How do you simplify #(4x^2+11x+6)/(x^2-x-6) *( x^2+x-12)/(x^2+8+16)#?

1 Answer
Jul 25, 2015

Factor all the quadratics and cancel matching terms to find:

#(4x^2+11x+6)/(x^2-x-6)*(x^2+x-12)/(x^2+8x+16)=(4x+3)/(x+4)#

with exclusions #x!=-2#, #x!=3#

Explanation:

#(4x^2+11x+6)/(x^2-x-6)*(x^2+x-12)/(x^2+8x+16)#

#=((4x^2+11x+6)(x^2+x-12))/((x^2-x-6)(x^2+8x+16))#

#=(cancel((x+2))(4x+3)cancel((x+4))cancel((x-3)))/(cancel((x-3))cancel((x+2))cancel((x+4))(x+4))#

#=(4x+3)/(x+4)#

with exclusions #x != -2#, #x != 3#

The values #x=-2# and #x=3# are excluded because if substituted into the original expression, we get #0/0# which is undefined, but with the simplified expression, we get a well defined value.
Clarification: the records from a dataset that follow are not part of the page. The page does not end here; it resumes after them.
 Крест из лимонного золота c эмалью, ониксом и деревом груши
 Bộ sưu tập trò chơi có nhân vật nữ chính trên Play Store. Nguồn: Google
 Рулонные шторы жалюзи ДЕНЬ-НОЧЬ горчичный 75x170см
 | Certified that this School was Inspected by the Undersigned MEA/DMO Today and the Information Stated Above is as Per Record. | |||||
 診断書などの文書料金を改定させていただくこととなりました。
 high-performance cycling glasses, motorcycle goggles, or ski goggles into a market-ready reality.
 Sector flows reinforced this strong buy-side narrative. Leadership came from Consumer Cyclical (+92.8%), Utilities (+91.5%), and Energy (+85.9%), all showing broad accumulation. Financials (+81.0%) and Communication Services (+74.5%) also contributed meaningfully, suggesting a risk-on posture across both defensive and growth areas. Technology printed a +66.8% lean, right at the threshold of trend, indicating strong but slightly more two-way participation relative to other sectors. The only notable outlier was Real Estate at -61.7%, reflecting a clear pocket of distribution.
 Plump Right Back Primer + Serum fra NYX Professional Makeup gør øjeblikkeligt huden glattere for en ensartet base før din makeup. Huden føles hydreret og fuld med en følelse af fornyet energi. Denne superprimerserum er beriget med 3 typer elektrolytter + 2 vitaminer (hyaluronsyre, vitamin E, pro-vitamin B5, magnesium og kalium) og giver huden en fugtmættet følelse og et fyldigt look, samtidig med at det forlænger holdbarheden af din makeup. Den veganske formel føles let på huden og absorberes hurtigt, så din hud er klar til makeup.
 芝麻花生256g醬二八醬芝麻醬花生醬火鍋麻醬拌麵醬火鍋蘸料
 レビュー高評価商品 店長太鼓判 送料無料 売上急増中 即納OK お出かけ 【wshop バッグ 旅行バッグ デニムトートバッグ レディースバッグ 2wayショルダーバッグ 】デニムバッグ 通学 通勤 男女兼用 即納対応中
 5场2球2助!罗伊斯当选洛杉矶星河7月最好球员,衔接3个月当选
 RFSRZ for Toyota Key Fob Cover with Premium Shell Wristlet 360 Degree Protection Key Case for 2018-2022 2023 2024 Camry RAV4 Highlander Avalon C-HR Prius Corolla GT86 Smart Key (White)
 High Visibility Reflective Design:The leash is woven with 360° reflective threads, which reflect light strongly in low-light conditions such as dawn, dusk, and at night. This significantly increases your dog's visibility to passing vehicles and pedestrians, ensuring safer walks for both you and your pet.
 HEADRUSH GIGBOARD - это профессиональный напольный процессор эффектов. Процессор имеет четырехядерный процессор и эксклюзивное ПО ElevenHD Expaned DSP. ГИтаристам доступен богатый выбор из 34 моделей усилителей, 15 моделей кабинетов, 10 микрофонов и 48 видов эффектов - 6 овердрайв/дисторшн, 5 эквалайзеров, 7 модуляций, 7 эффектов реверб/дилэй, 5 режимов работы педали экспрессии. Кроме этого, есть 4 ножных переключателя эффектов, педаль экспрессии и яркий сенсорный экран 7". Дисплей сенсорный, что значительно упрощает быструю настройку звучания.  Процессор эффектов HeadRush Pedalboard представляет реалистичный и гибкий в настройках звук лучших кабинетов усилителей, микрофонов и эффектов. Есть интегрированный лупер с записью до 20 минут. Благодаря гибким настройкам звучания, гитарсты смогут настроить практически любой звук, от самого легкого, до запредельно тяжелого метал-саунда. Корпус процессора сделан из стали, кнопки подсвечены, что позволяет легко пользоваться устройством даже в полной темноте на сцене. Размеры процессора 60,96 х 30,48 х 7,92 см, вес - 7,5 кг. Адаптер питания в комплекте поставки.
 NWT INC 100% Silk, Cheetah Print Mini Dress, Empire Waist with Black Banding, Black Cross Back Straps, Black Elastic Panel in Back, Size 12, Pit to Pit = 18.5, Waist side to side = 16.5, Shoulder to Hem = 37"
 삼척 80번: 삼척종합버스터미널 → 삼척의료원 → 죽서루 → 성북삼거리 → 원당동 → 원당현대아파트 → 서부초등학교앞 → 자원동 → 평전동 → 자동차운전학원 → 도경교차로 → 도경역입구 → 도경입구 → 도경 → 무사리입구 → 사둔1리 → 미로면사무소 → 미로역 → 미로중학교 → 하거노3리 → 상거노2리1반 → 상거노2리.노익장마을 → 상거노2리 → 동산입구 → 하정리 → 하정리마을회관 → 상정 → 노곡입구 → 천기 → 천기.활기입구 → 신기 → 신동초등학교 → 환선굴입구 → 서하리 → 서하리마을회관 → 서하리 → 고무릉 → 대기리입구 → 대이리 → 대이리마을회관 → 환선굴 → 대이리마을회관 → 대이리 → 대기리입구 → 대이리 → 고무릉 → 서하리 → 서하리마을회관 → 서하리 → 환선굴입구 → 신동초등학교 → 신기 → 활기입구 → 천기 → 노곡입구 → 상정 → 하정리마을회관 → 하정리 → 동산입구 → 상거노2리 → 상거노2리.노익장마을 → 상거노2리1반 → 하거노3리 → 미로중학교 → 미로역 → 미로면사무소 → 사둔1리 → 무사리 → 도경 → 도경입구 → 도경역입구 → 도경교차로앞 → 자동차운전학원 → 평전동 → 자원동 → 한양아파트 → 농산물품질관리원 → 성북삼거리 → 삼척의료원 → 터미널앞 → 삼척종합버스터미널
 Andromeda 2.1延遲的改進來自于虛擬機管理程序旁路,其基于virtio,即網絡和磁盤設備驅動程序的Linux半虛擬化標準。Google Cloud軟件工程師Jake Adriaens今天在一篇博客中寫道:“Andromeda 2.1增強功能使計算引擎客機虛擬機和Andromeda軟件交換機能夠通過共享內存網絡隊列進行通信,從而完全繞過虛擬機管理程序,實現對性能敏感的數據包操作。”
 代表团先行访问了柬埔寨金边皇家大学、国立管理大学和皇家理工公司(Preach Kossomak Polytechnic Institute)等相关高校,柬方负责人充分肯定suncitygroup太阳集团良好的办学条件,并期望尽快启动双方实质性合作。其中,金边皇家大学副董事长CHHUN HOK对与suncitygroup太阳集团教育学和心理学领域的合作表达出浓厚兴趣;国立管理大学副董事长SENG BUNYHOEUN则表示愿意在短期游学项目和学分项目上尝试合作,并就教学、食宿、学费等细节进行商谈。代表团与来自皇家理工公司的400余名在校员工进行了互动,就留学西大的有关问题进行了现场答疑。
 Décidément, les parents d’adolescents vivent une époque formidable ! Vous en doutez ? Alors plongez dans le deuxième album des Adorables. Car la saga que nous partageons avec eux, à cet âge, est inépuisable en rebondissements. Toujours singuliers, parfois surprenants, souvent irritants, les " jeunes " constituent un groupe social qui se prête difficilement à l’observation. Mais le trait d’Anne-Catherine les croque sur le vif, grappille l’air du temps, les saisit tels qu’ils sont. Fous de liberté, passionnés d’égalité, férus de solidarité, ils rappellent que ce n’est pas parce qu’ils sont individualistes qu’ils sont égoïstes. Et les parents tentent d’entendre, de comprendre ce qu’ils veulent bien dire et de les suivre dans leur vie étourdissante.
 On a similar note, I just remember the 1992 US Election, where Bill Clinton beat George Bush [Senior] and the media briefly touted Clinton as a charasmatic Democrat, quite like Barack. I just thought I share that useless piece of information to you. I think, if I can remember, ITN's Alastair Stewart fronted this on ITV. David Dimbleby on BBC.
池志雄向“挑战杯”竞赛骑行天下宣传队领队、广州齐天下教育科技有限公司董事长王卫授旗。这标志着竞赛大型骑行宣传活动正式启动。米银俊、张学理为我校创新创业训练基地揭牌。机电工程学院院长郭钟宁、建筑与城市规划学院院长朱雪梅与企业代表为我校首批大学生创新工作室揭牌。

These are removable singularities of the original expression.

Therefore the simplified expression is not equivalent to the original expression for those values of #x#.

The value #x=-4# is not excluded from the equality of expressions, because it is equally a singularity of the original and simplified expressions, namely a simple pole of order #1#.